Your help is highly appreciated.


Thanks
-Arnab


----------



## ithehappy (Mar 28, 2013)

If stable is the thing you want then I'd say Siti. Meghbela is the most volatile connection I've heard of.
If you're in proper Calcutta, then you might also try Alliance, heard they are pretty good, least better then the others atm.


----------



## Arnab (Mar 28, 2013)

No, I am in Howrah. 
Ya Alliance is  Good but they wont be giving here , I have two options either SITI Cable or PMPL.

So , Do you think Siti Cable can give me Good Connection strength to Play Games onlione, Online Straming etc ? 
I dont need Huge Bandwith , but just good Connection Stretghth . I am Fed up of BSNL...


----------



## Arnab (Apr 4, 2013)

I am Not getting PMPL or Alliance in my area.
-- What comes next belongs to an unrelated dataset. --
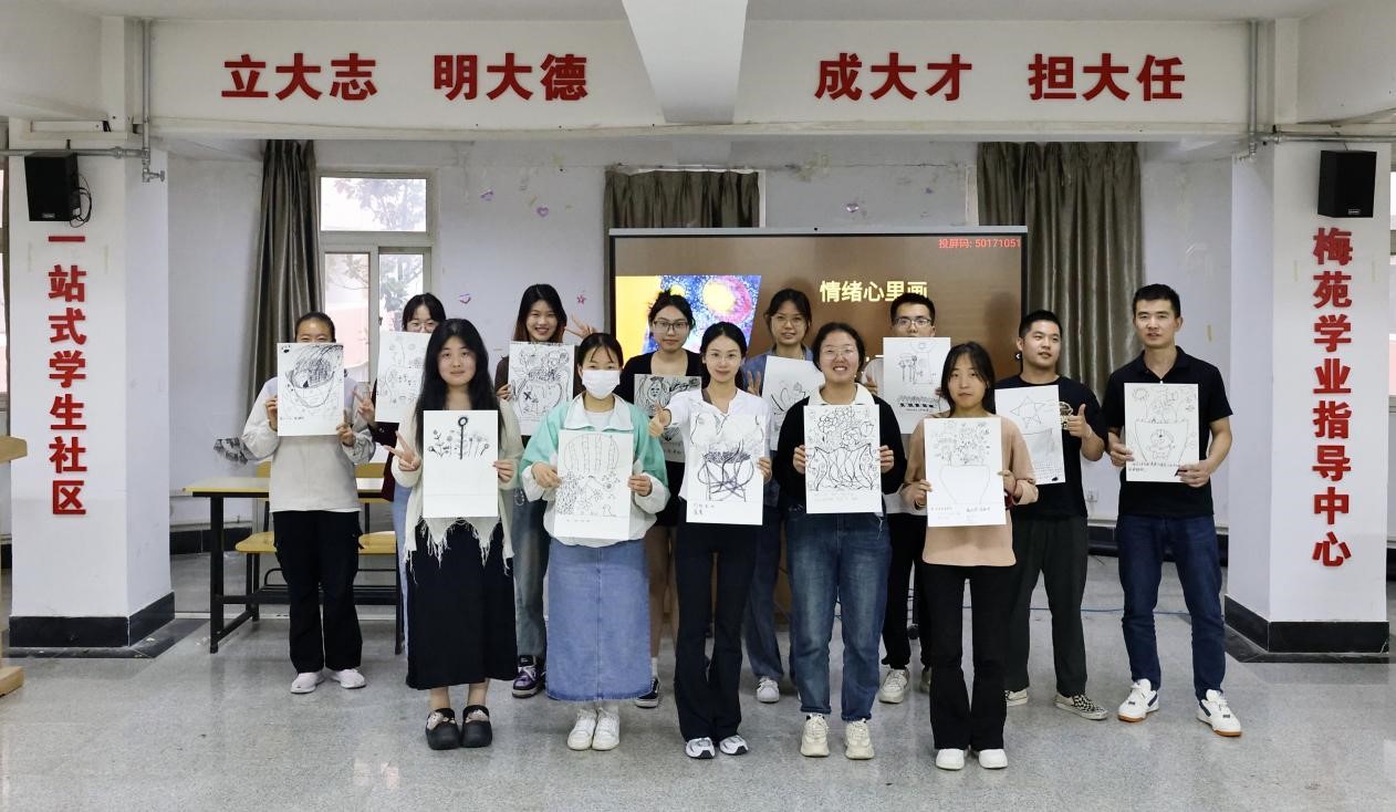 为落实《陕西省教育厅办公室关于开展我省首个全国学生心理健康宣传教育月活动的通知》要求,进一步推进大学生心理育人工作,提升广大学生心理健康素养。5月29日,雷竞技raybet登录入口首届艺术疗愈文化节之“情绪心理画-释放情绪 勾画期望”艺术疗愈活动在梅苑“一站式”学生社区举办,此次活动通过“线描”这一非语言表达艺术,带领学生在线条的世界里感受情绪、勾画期望,接受变化、安顿内心。

I called them both but they are referring to cable operators whom i found to be with SITI Cable Broadband only .

So , Can anyone tell : Should I Try SITI Cable ? I have BSNL and I wont quit it unless i see some stability . I just need a stabel connection for online games, doesnt require to be of HIgh Bandwith. I just Need Strong Network. 
Games hardly uses any bandwith so I can easily take the limited plans . 

I am Having Heavy Laag In Every Online Games and Streaming . Will Chnaging of BSNL Plan Help? 

Please Suggest


----------